Directions for this task: For the records below, output word for word the lines from the one with "Commemorate Metallica's monumental" up to and including the one with "- 15일간 무료 라고". No pictures.

Start of Information given

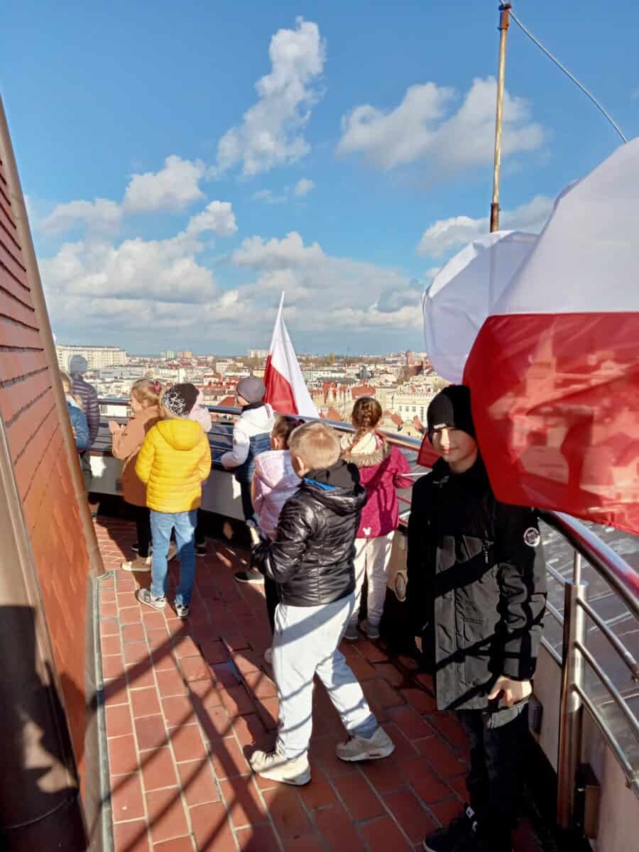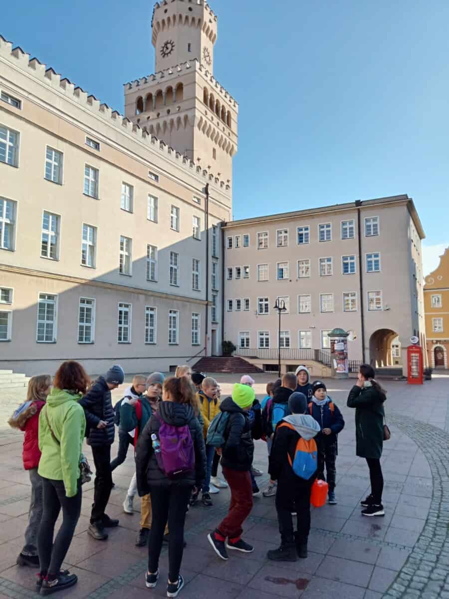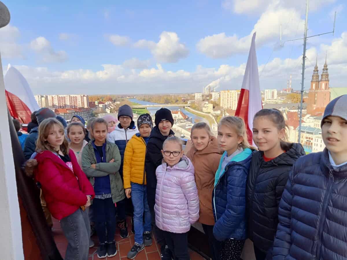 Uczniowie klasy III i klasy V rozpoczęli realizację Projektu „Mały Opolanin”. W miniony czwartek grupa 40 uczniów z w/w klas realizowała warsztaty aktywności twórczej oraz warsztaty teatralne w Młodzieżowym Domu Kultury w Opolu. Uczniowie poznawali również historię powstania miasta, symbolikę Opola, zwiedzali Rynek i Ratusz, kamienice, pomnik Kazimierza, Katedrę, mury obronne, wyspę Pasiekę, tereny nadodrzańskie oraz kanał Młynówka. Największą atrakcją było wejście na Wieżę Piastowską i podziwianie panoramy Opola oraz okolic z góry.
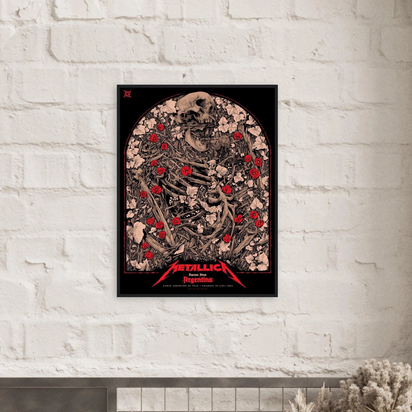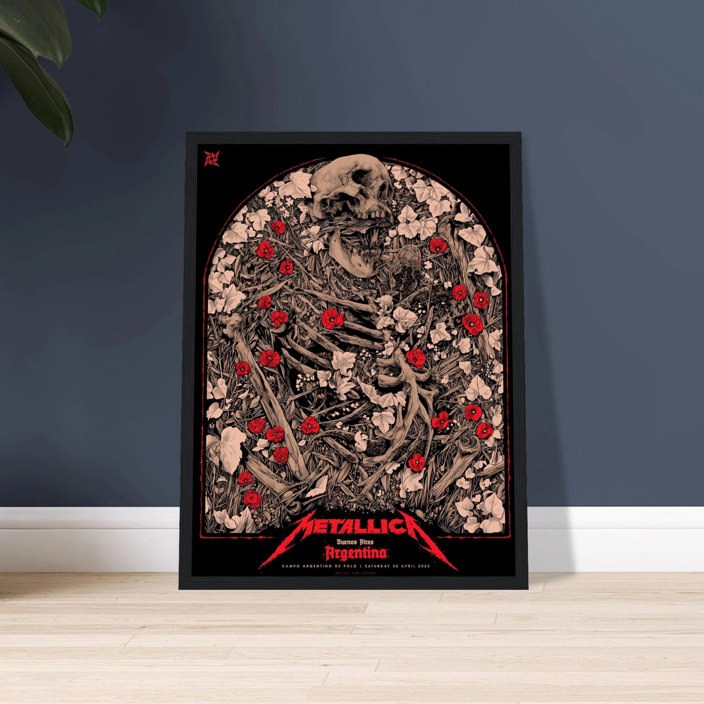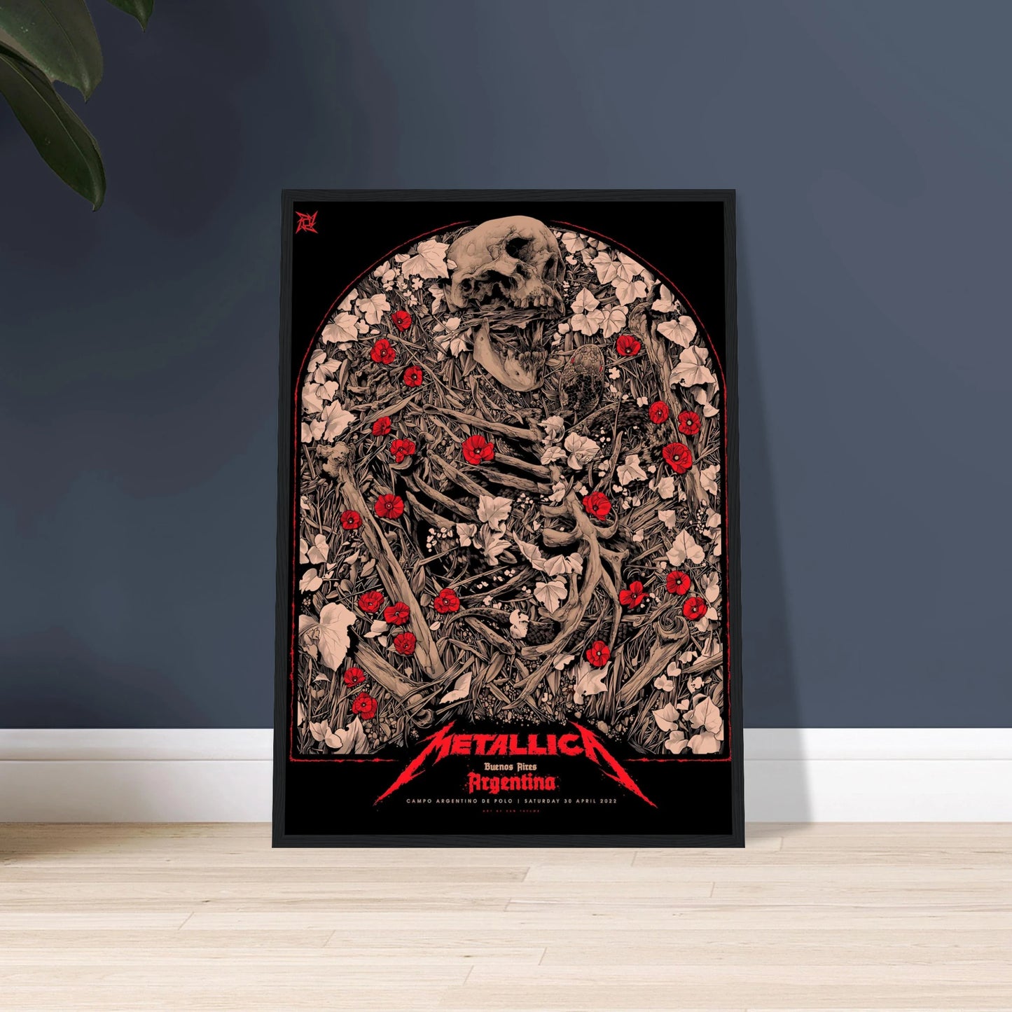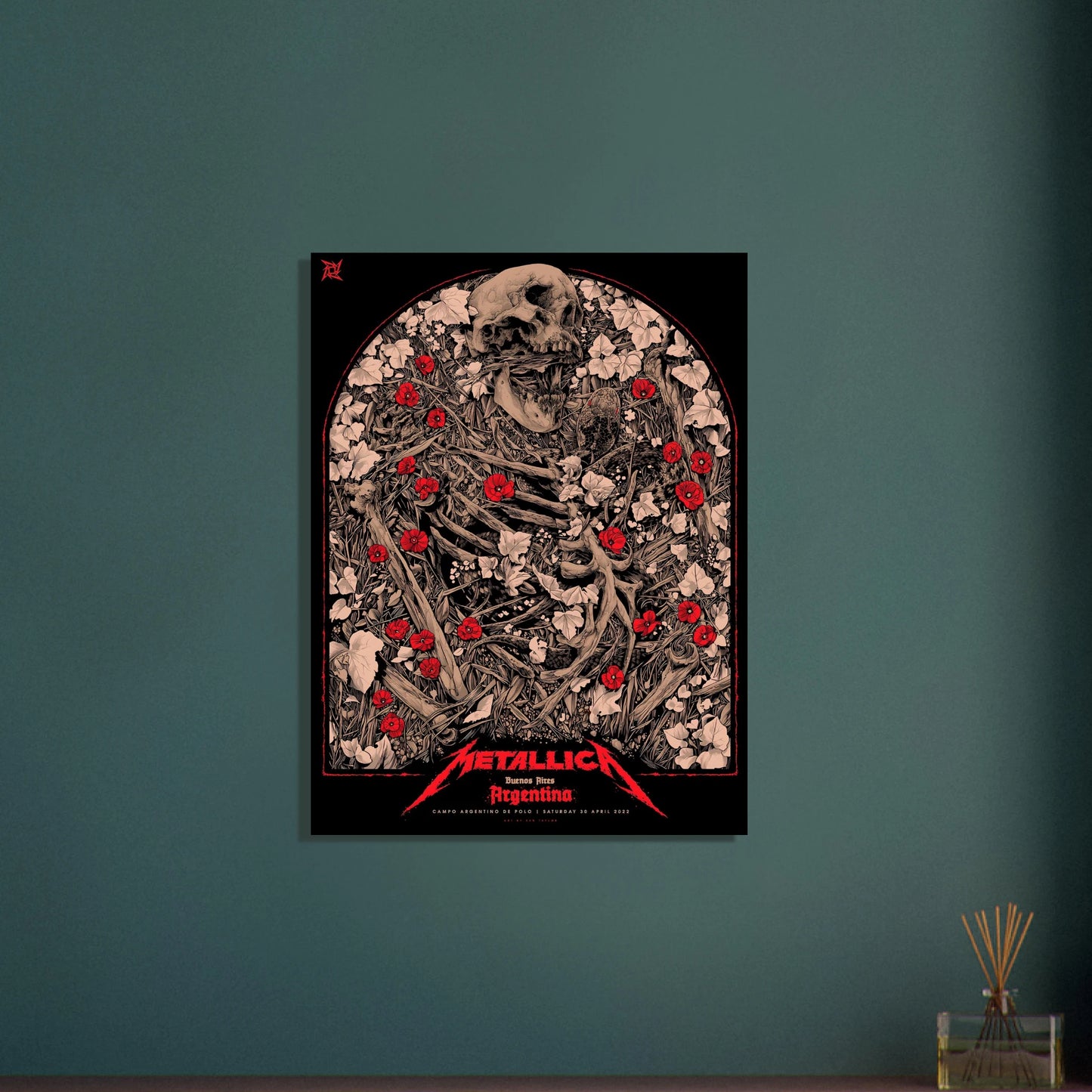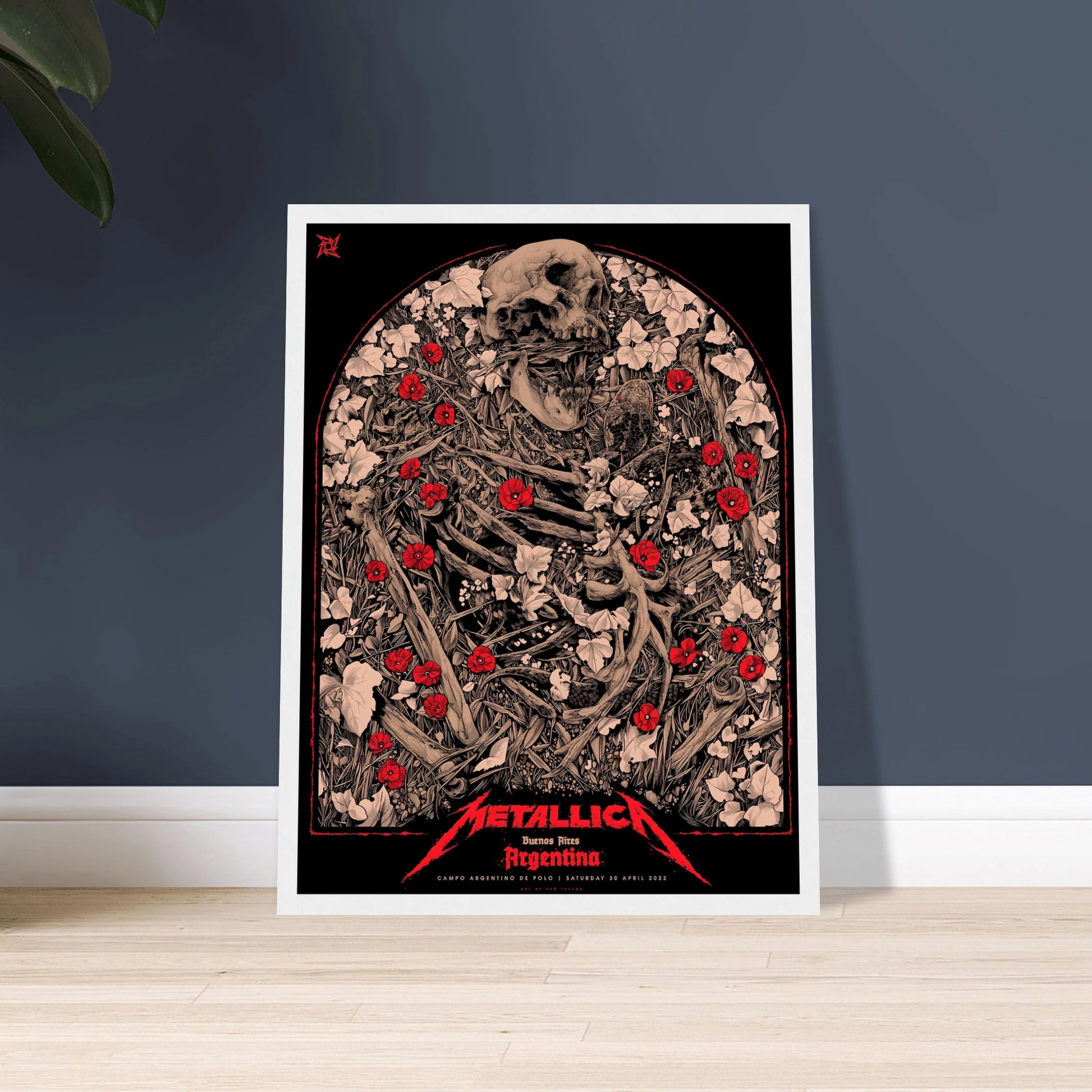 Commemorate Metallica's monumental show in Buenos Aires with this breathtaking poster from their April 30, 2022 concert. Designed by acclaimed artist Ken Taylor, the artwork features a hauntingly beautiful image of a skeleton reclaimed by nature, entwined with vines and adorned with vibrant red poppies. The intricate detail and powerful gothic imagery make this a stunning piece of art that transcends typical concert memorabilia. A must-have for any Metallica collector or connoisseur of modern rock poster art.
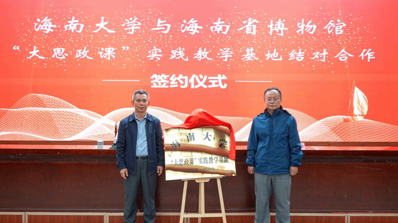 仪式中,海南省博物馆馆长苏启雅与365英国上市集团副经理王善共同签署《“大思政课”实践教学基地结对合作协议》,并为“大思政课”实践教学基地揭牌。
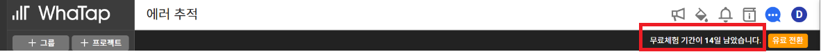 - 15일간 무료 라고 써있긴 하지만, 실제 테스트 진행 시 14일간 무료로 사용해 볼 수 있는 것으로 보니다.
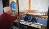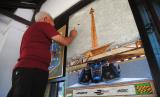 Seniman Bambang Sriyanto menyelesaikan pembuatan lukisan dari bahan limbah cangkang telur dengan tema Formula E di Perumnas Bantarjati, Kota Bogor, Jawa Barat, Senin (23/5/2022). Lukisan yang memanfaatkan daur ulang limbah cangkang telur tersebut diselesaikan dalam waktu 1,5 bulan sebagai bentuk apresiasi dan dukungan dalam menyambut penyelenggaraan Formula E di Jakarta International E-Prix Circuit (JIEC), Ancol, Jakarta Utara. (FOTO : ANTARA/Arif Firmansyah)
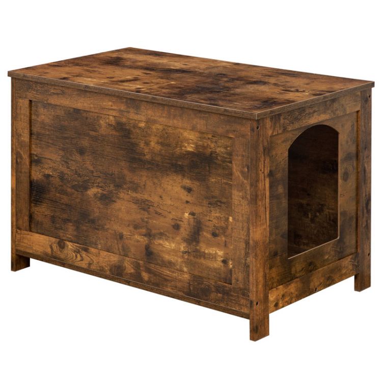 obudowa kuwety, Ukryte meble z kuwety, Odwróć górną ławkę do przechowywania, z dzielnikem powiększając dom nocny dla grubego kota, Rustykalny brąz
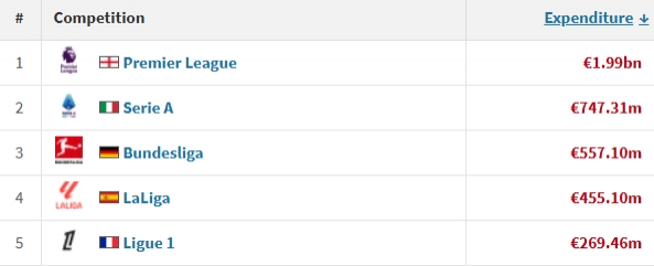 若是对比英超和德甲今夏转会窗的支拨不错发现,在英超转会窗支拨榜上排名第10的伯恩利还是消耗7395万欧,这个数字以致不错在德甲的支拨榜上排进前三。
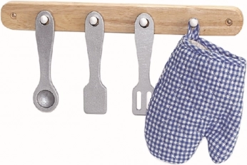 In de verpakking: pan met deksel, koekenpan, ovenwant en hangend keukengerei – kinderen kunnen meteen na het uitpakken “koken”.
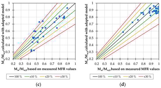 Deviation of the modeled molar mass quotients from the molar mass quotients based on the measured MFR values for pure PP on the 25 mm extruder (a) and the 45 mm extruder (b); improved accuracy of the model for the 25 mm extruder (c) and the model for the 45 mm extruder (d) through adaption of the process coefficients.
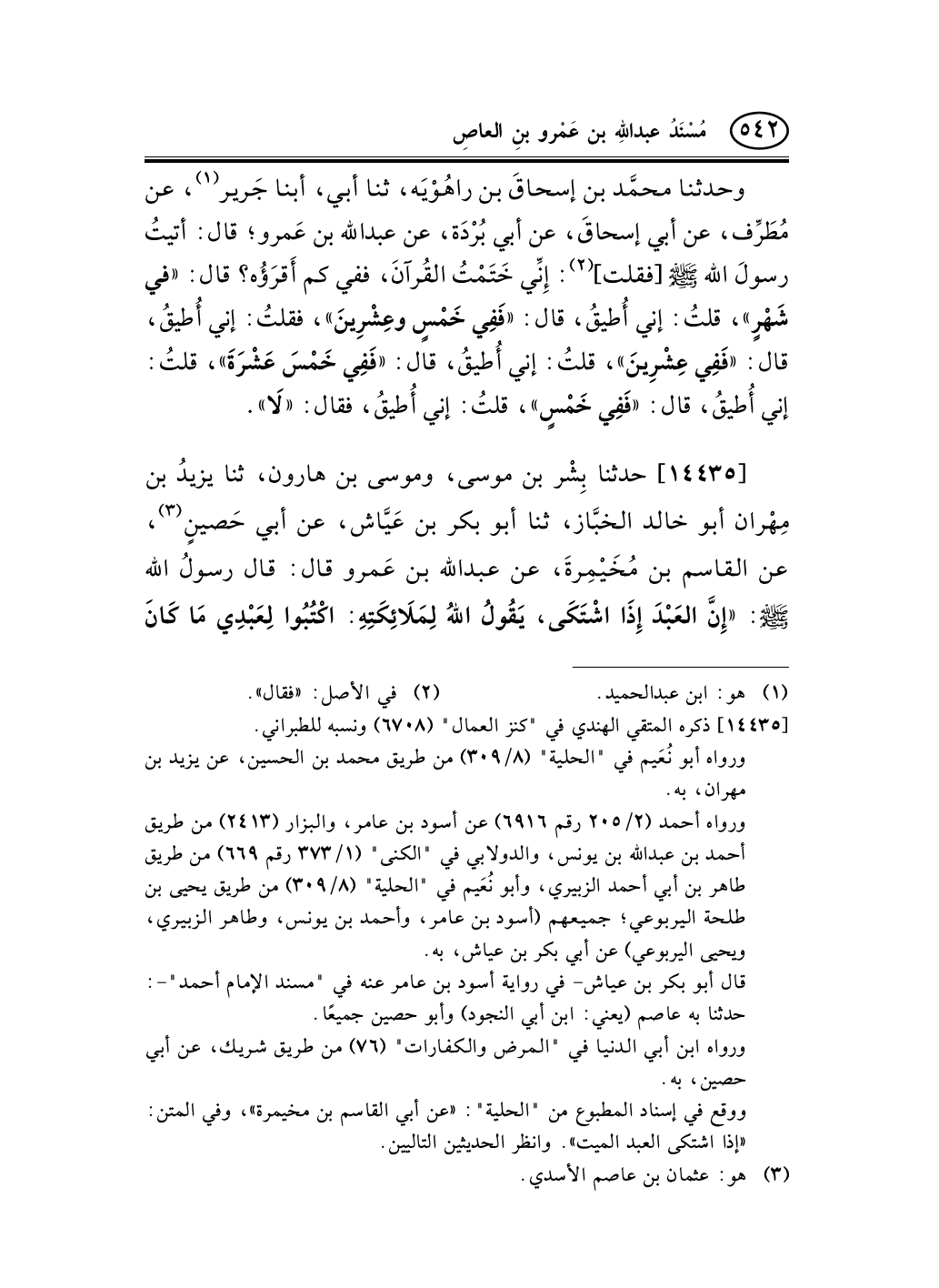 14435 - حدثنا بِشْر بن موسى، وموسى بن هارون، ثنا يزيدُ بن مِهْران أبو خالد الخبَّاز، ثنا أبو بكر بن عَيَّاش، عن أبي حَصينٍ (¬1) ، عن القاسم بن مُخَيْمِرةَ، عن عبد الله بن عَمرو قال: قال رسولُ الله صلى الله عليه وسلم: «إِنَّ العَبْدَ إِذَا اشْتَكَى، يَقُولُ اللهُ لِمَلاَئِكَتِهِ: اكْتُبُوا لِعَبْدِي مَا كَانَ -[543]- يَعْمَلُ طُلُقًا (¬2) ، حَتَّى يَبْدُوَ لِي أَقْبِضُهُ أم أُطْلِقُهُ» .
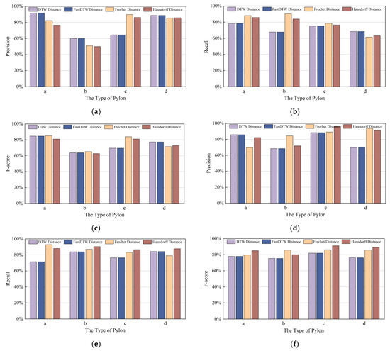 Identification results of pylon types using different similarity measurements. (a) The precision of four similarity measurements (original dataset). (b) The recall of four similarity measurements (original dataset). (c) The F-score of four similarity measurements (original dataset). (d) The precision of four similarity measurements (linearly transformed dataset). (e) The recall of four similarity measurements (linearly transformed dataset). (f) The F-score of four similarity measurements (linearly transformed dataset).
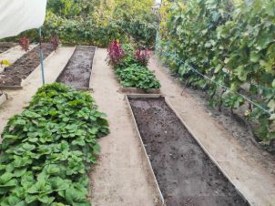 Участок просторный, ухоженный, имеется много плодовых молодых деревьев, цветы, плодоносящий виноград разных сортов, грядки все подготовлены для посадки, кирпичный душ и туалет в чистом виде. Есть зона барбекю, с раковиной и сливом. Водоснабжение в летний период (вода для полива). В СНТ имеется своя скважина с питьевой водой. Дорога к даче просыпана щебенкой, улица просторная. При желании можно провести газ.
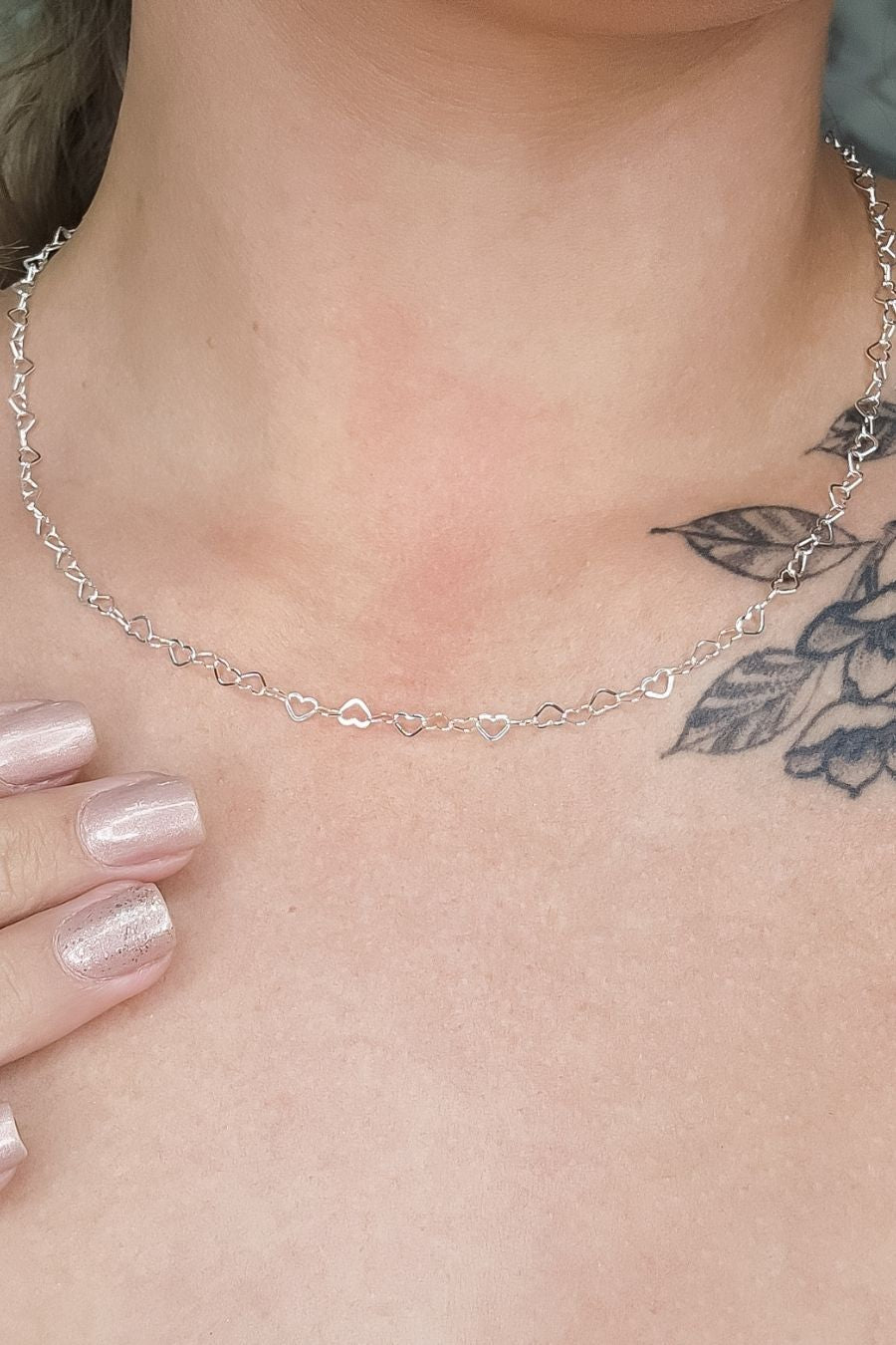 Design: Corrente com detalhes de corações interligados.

End of Information given

Exercise answer:
 Commemorate Metallica's monumental show in Buenos Aires with this breathtaking poster from their April 30, 2022 concert. Designed by acclaimed artist Ken Taylor, the artwork features a hauntingly beautiful image of a skeleton reclaimed by nature, entwined with vines and adorned with vibrant red poppies. The intricate detail and powerful gothic imagery make this a stunning piece of art that transcends typical concert memorabilia. A must-have for any Metallica collector or connoisseur of modern rock poster art.
 仪式中,海南省博物馆馆长苏启雅与365英国上市集团副经理王善共同签署《“大思政课”实践教学基地结对合作协议》,并为“大思政课”实践教学基地揭牌。
 - 15일간 무료 라고 써있긴 하지만, 실제 테스트 진행 시 14일간 무료로 사용해 볼 수 있는 것으로 보니다.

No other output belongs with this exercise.